__Exercise requirements__: Return, without pictures, the lines from the start of the data through the one that contains "A mediados de".

[Data records]
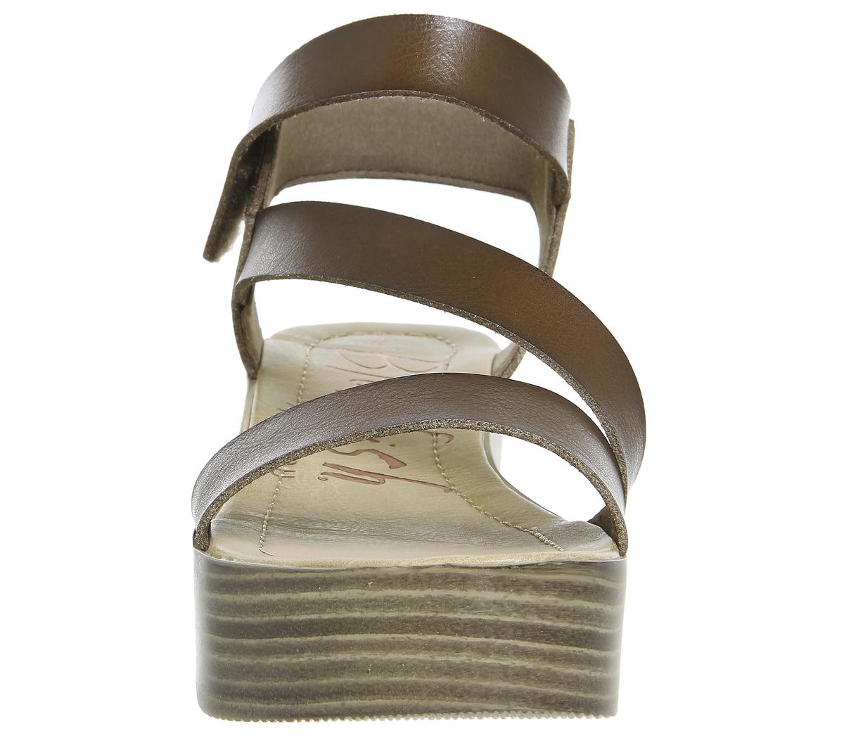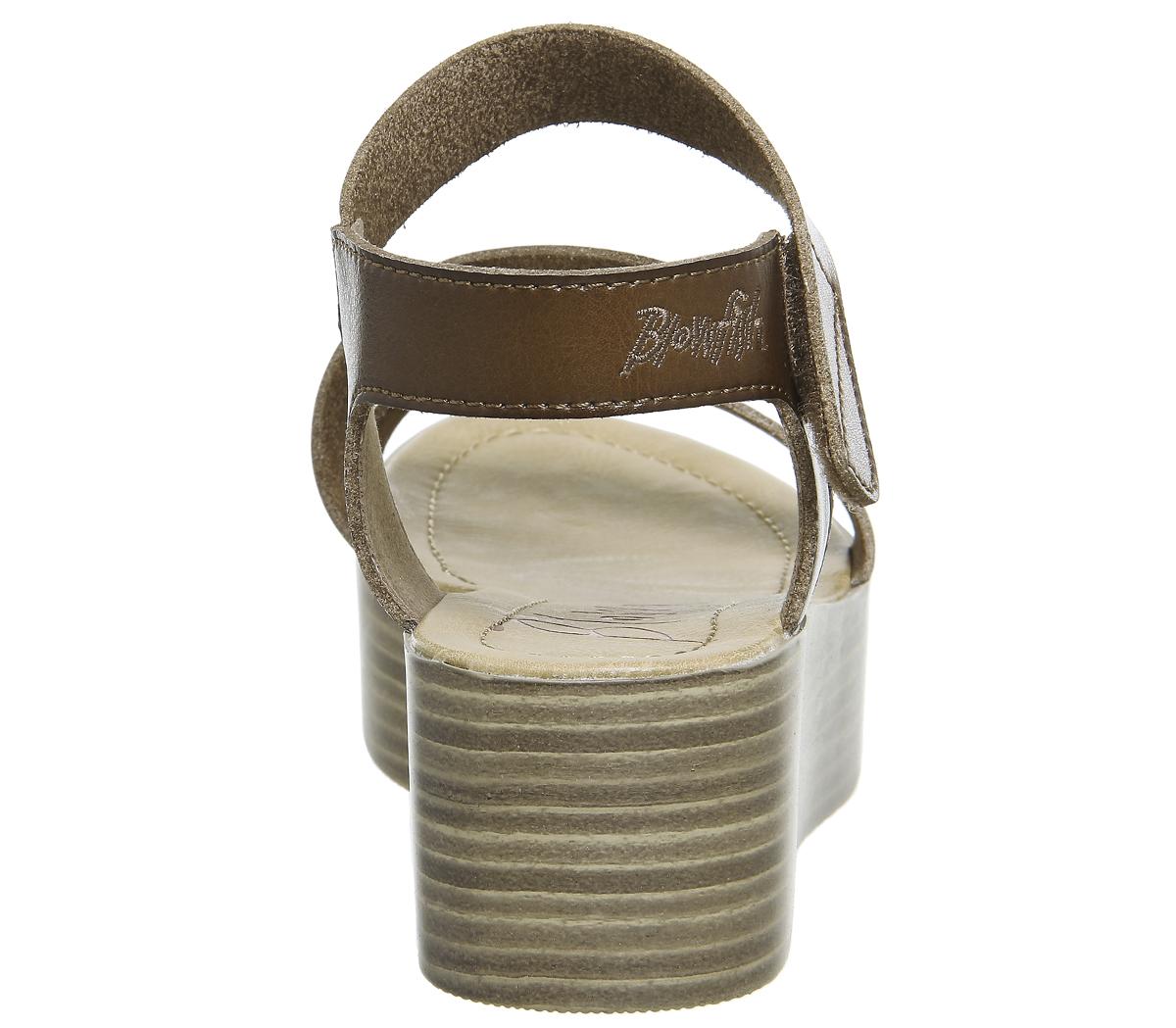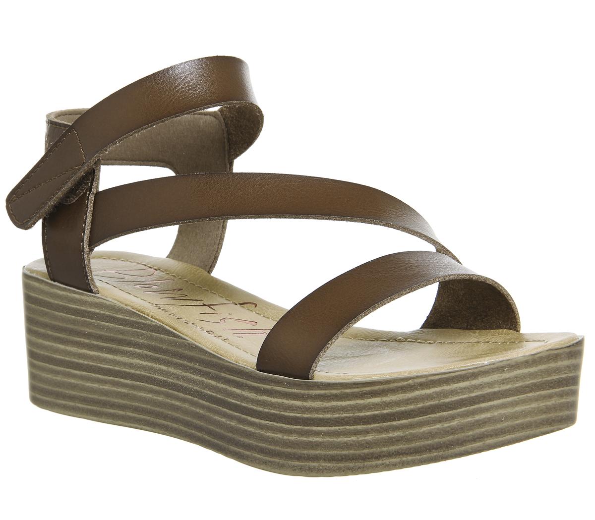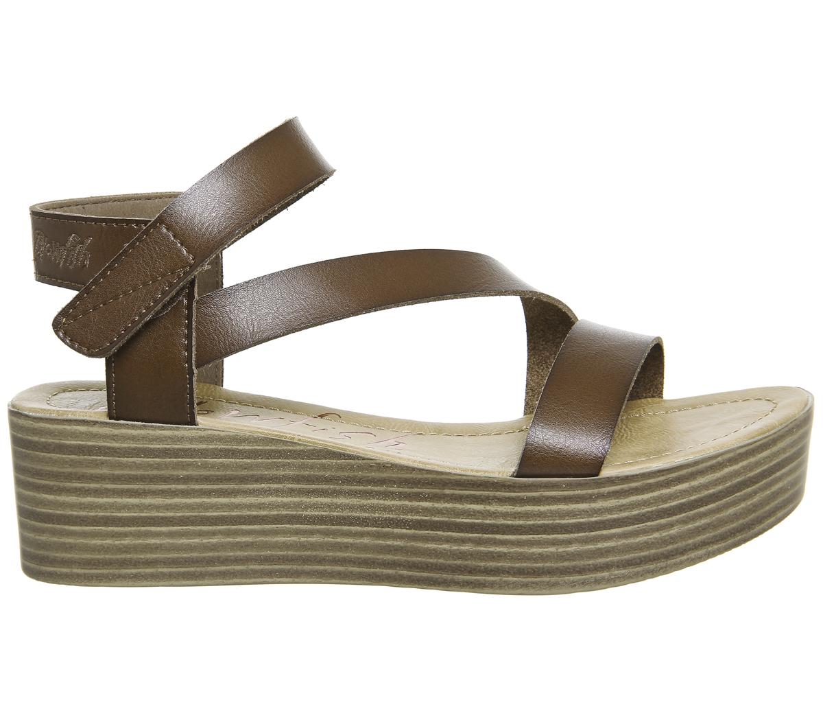 Diese klobige „Lover“ Plateausandale in Tan Brown von Blowfish präsentiert sich im schlichten Wickeldesign mit einer erhöhten, naturfarbenen Sohle.
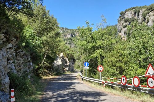 Heute erkunden wir die Georges de Galamus. Der Rückweg führt vorbei an den stolzen Katharerburgen Peyrepertuse und Queribus über gewundene Straßen zurück zu unserem Zeltplatz in Prades.
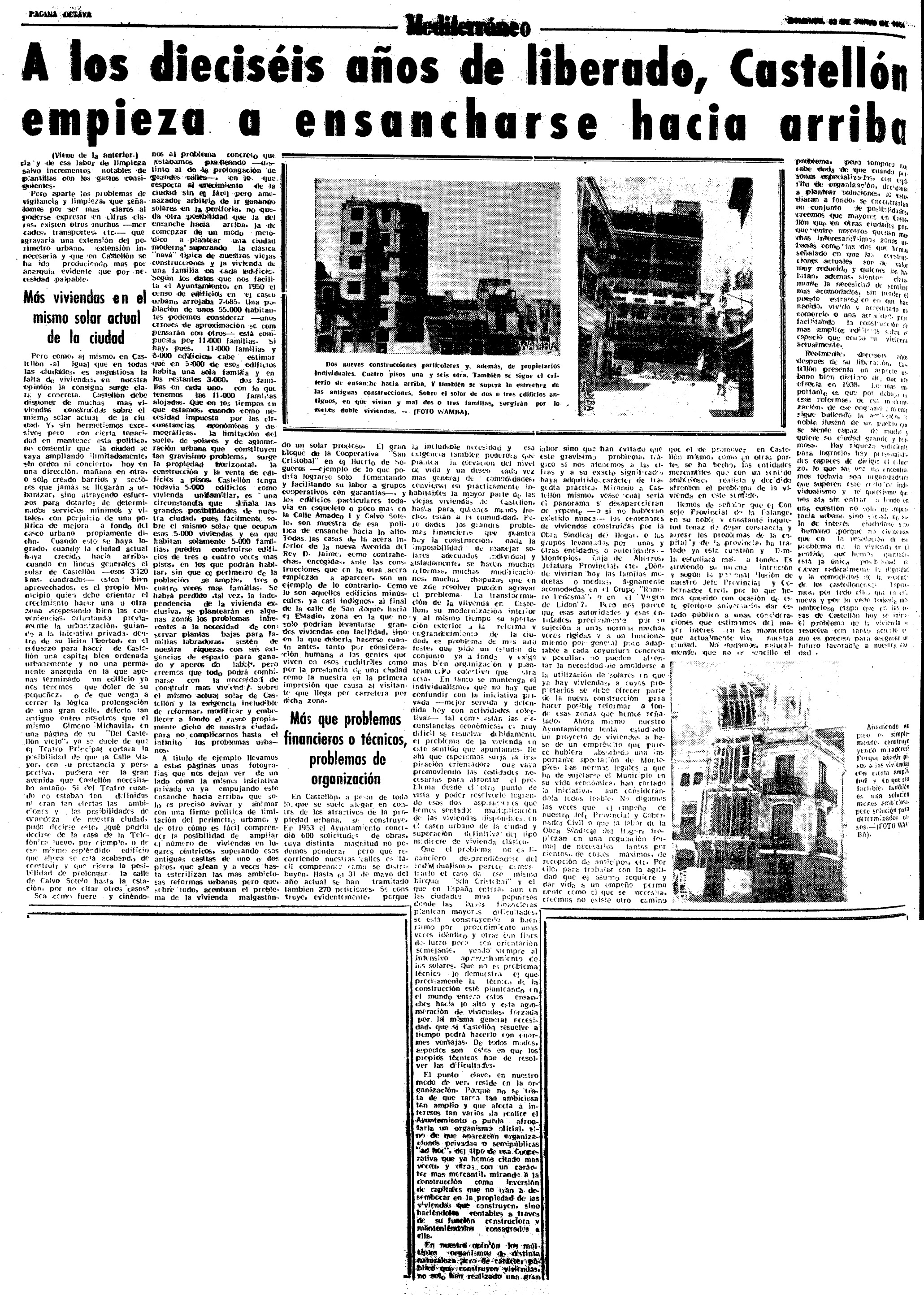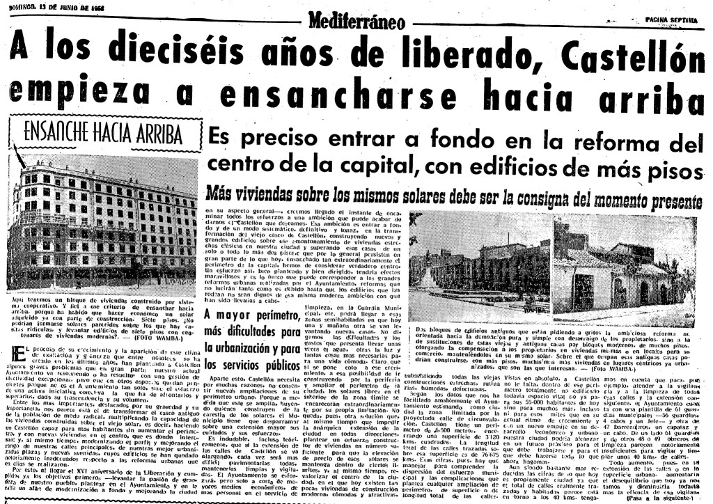A mediados de los años 50, la explosión demográfica de la capital de la Plana empieza a manifestarse en hechos como el nacimiento del barrio de Benadresa. Pero aparte del surgimiento de grupos periféricos, Mediterráneo subraya cómo la ciudad «empieza a ensancharse hacia arriba», poniendo como ejemplo construcciones como las de la plaza Huerto Sogueros. El periódico considera «preciso» incidir en la reforma del centro de la ciudad, «con edificios de más pisos».
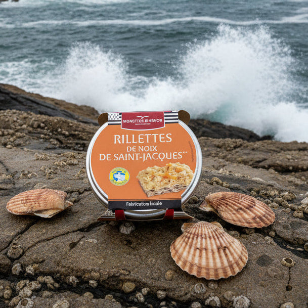Mouettes d'Arvor Scallop Rillettes are a creamy, savory French spread made from slow-cooked, shredded scallops and whitefish mixed with cream, butter, carrots, onion, and garlic for a rich, delicate flavor and texture.
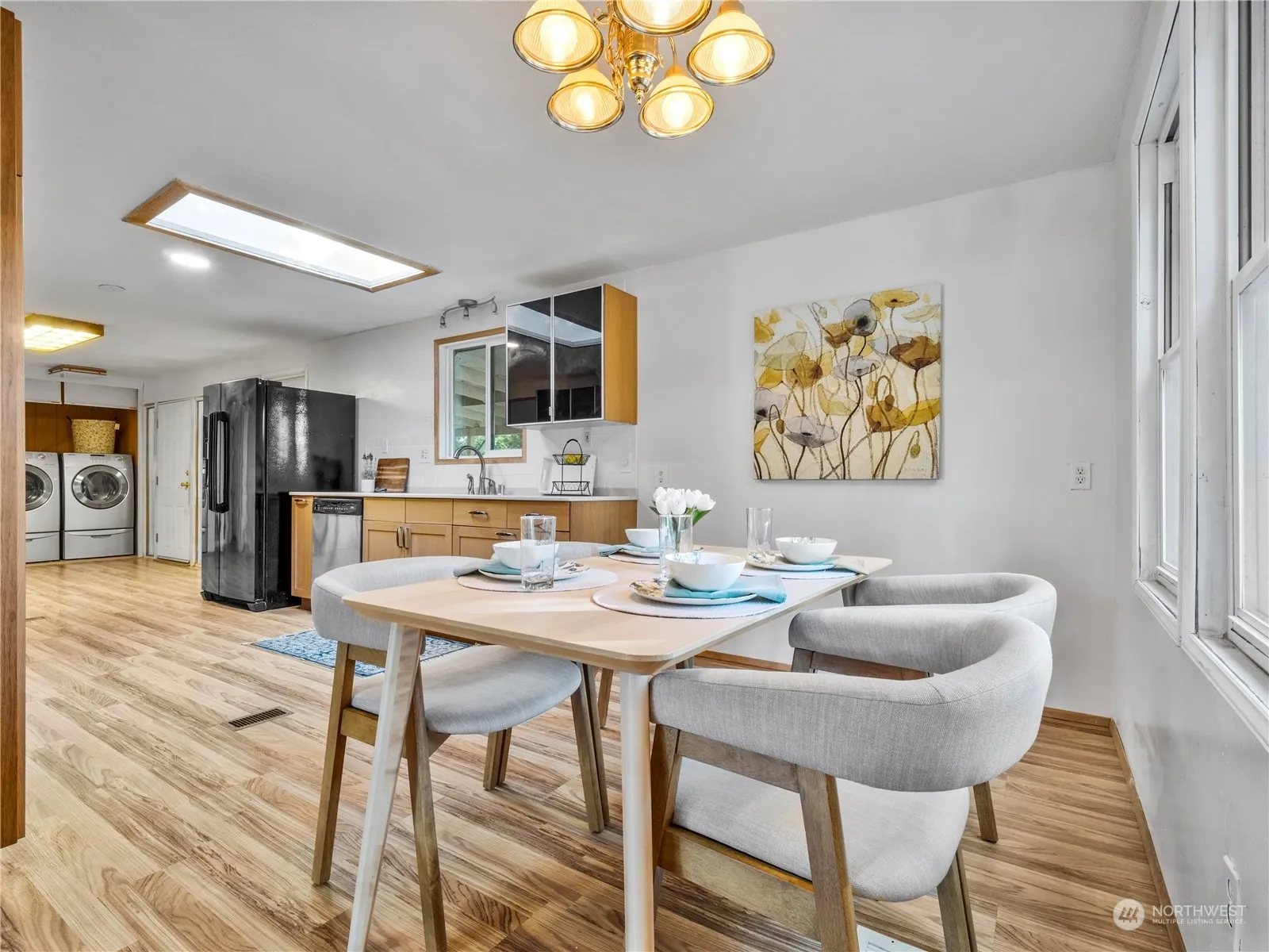 Welcome home to this one level, 3 bedroom, 1.75 bathroom gem nestled in the desirable community of Nisqually Pines! With 1,440 square feet of comfortable living space, this home sits on a spacious 15,682 square foot lot. The kitchen has been updated with Corian countertops, stylish subway tile backsplash, slow-close cabinetry and a sleek smooth top range. The added skylight fills the space with natural light. Entertain on the shaded back patio, perfect for grilling and summer gatherings. The 2-car garage w/shop needs a little TLC, offering great potential for your customization. The community is perfect for outdoor enthusiasts…enjoy access to the beautiful river park, scenic trails, club house w/outdoor pool, playgrounds & numerous parks.

__Response area__:
 Diese klobige „Lover“ Plateausandale in Tan Brown von Blowfish präsentiert sich im schlichten Wickeldesign mit einer erhöhten, naturfarbenen Sohle.
 Heute erkunden wir die Georges de Galamus. Der Rückweg führt vorbei an den stolzen Katharerburgen Peyrepertuse und Queribus über gewundene Straßen zurück zu unserem Zeltplatz in Prades.
A mediados de los años 50, la explosión demográfica de la capital de la Plana empieza a manifestarse en hechos como el nacimiento del barrio de Benadresa. Pero aparte del surgimiento de grupos periféricos, Mediterráneo subraya cómo la ciudad «empieza a ensancharse hacia arriba», poniendo como ejemplo construcciones como las de la plaza Huerto Sogueros. El periódico considera «preciso» incidir en la reforma del centro de la ciudad, «con edificios de más pisos».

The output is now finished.